Blendtec's Business Context
Blendtec is a Utah-based company founded by Tom Dickson in 1975, known for making commercial-grade blenders used in restaurants, smoothie shops, and similar food service businesses. The company also sold consumer blenders at a premium price point (typically $400–500 in 2006, versus $50–100 for comparable consumer products) — but was almost unknown among consumers, who had no reason to pay a premium for commercial-grade blending power when cheaper options were available.
The marketing challenge was classic high-quality, premium-priced product in a commodity category: how do you justify a 4–8× price premium to consumers who do not know why commercial-grade blending capacity matters? The answer Blendtec found was not to explain the features — it was to demonstrate them in the most memorable way possible.
The Idea: From Factory Test to Marketing
Tom Dickson had a practice of testing Blendtec blenders by blending unusual materials — wood, golf balls, broom handles — to verify that the motors could handle extreme stress. Blendtec's marketing director, George Wright, joined the company in 2006 and observed Dickson performing these tests. Wright saw immediate content marketing potential: these demonstrations were entertaining, surprising, and directly demonstrated the product's core selling proposition (extraordinary blending power) in a way that no advertising could match.
Wright proposed making videos of these blending tests and posting them on the newly launched YouTube platform. The total production budget for the first batch of videos was approximately $50 — for the materials being blended (marbles, a rotisserie chicken, a rake handle, and other objects). Dickson dressed in a lab coat and safety goggles for the videos — creating a character that was both authoritative and absurd, which contributed to the entertainment value.
First Videos: November 2006
The first five "Will It Blend?" videos were posted to YouTube in November 2006 — within the platform's first 18 months of existence, before "video marketing" or "YouTube strategy" were recognised marketing categories.
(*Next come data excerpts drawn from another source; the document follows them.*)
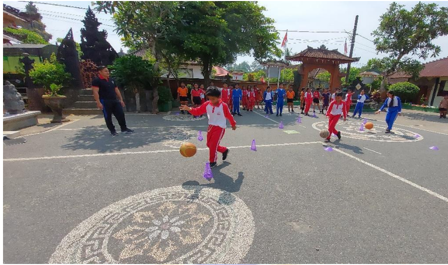
Gambar 14 Mengembangkan dan Menyajikan Hasil Karya
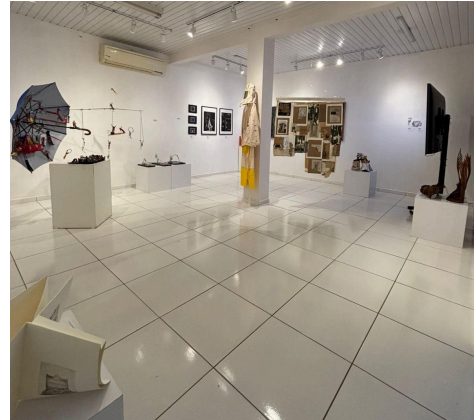
39º Salão de Artes Plásticas de Jacarezinho
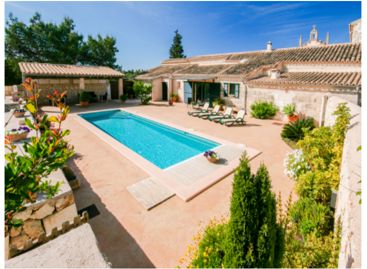
Großer, sonniger Poolbereich
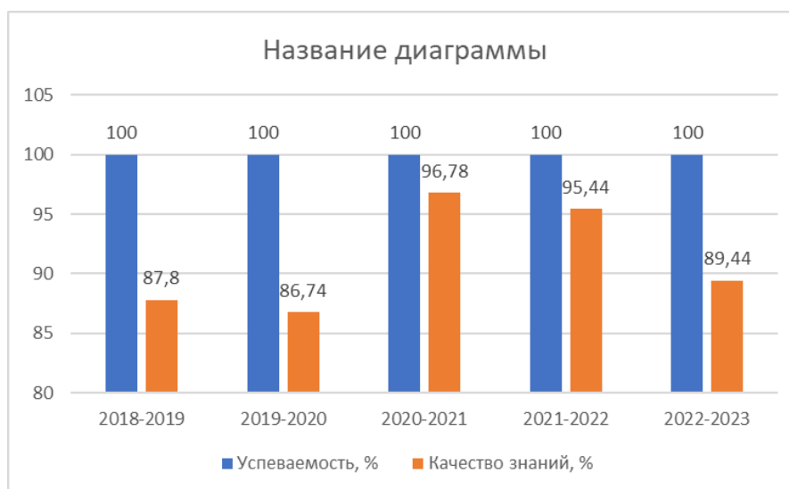
Рисунок 5.3 – Результаты итоговой аттестации, бакалавриат

Статистика по результатам итоговой аттестации обучающихся за последние 5 лет приведена на рисунке 5.3 и 5.4.
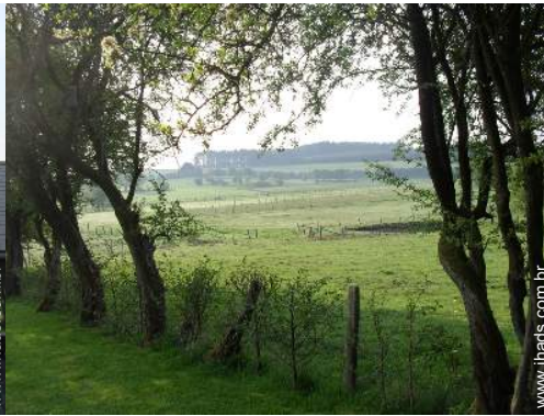
vista para pradaria
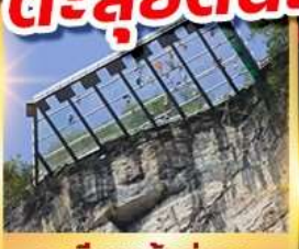
ระเบียงแก้วอุ๋หลง
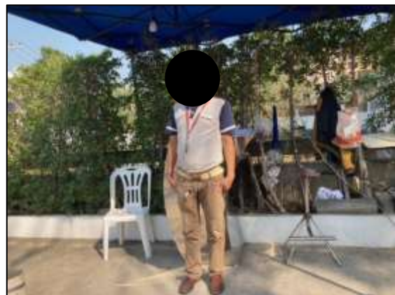
ภาพถ่าย 3-3 เจ้าหน้าที่รักษาความปลอดภัย

ภาพถ่ายแสดงการปฏิบัติตามมาตรการฯ โรงแรมเชรატัน หัวหินรีสอร์ทแอนด์สปา ระหว่างเดือนมกราคม – มิถุนายน พ.ศ.2565
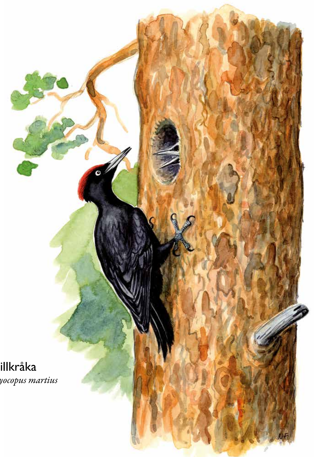
Spillkråka Dryocopus martius

Here at Gärdesudden, a small piece of countryside has been preserved for the future. A green oasis, where no roads or houses can be built. A place for people to relax and explore. But also a haven for rare animals and plants. Here you find pine forest, leafy woods and open meadows. Several rare species of fungi, lichens and insects are associated with the old pines. The deciduous wood and open meadows also harbour a rich flora and fauna. Several paths go through the reserve. Some lead out to the tip of the promontory and offer fine views across the fairway leading to Stockholm and the giant ferries that go past.
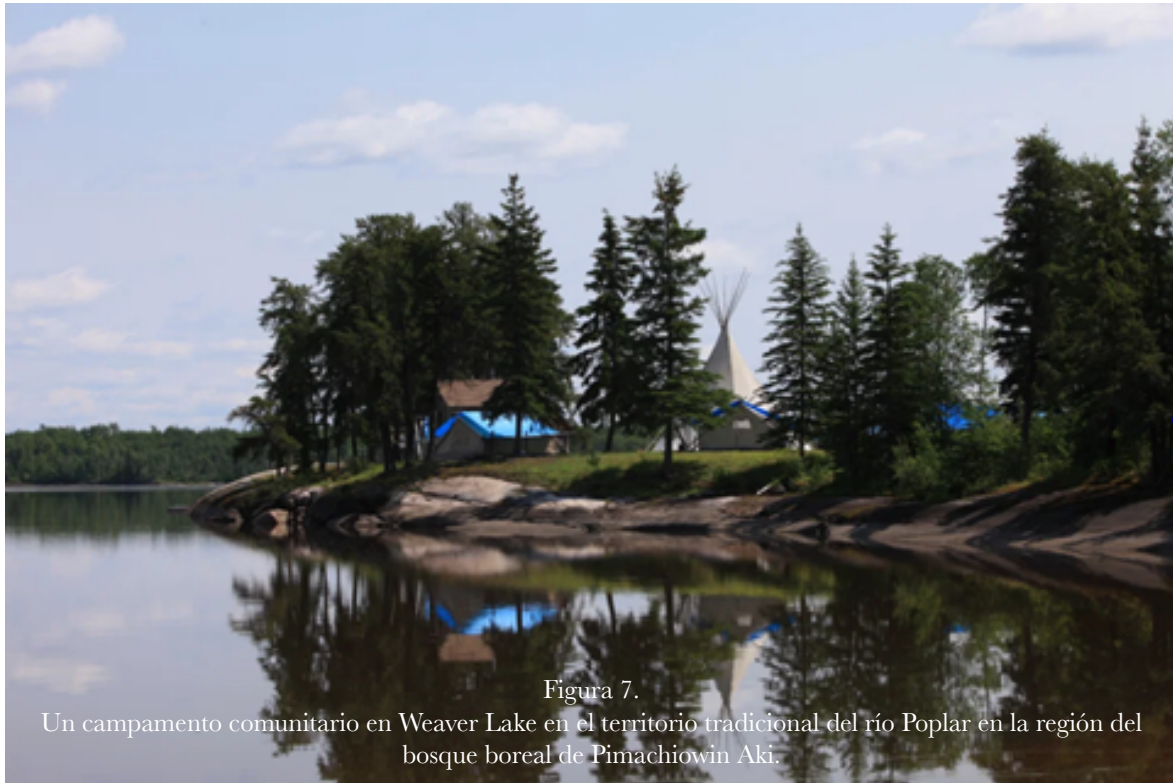
Figura 7. Un campamento comunitario en Weaver Lake en el territorio tradicional del río Poplar en la región del bosque boreal de Pimachiowin Aki.
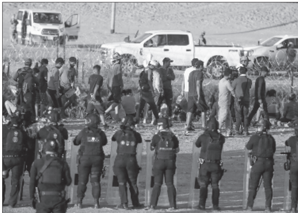
▲ La intención de AMLO es que las naciones convocadas elaboren una propuesta para enfrentar el flujo migratorio, particularmente enfocada en atender las causas.

La intención de López Obrador es que las naciones convocadas elaboren una
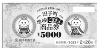
地域活性化商品券カバー
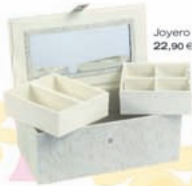
Joyero con espejo, 22,90 €
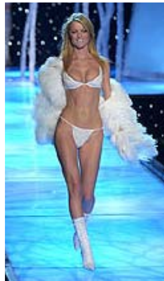
Una sfilata Victoria's Secret
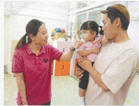
爸爸陪我一起上學。
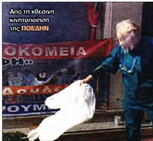
Από τη χθεσινή κινητοποίηση της ΠΟΕΔΗΝ

«Η κυβέρνηση προετοιμάζει την επιστροφή του εργασιακού Μεσαίωνα στα νοσοκομεία και οι εργαζόμενοι «ακονίζουν τα μαχαίρια τους» και ετοιμάζονται να αναλάβουν με
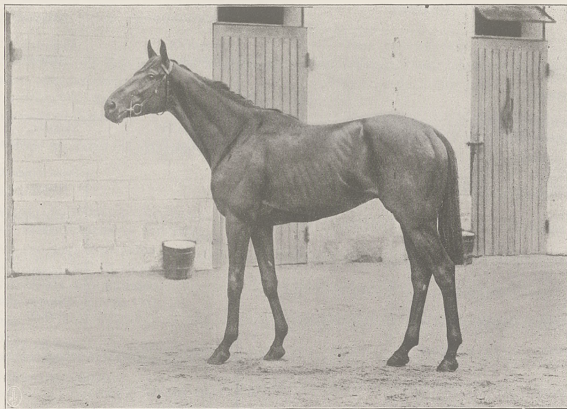
NUAGE og gn. ur. w 1907 r.
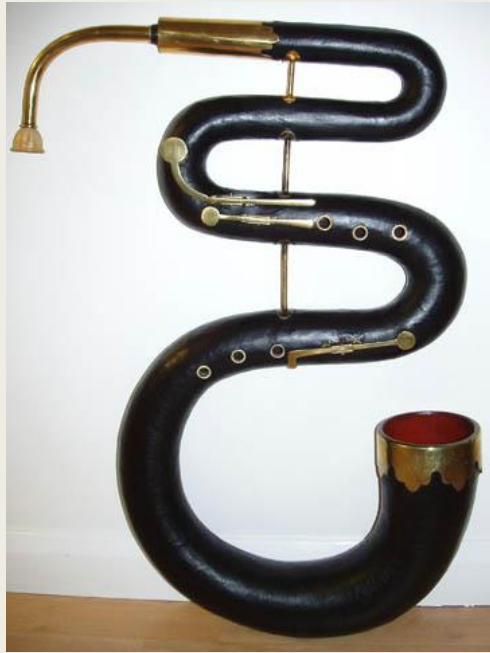
Серпент (фр. serpent — змея)

The videos followed a consistent format: Tom Dickson, in lab coat and goggles, introduces the object being blended with the question "Will it blend?" blends the object, and delivers a verdict ("It blends!" or "Yes, it blends!") to camera.
Within the first week, the videos had received approximately 6 million views — a remarkable number for 2006 YouTube, when the platform was still building its audience. The traffic included significant coverage on Digg (the dominant social news aggregator of that era), which drove a wave of viewers who then shared the videos across email and early social media platforms.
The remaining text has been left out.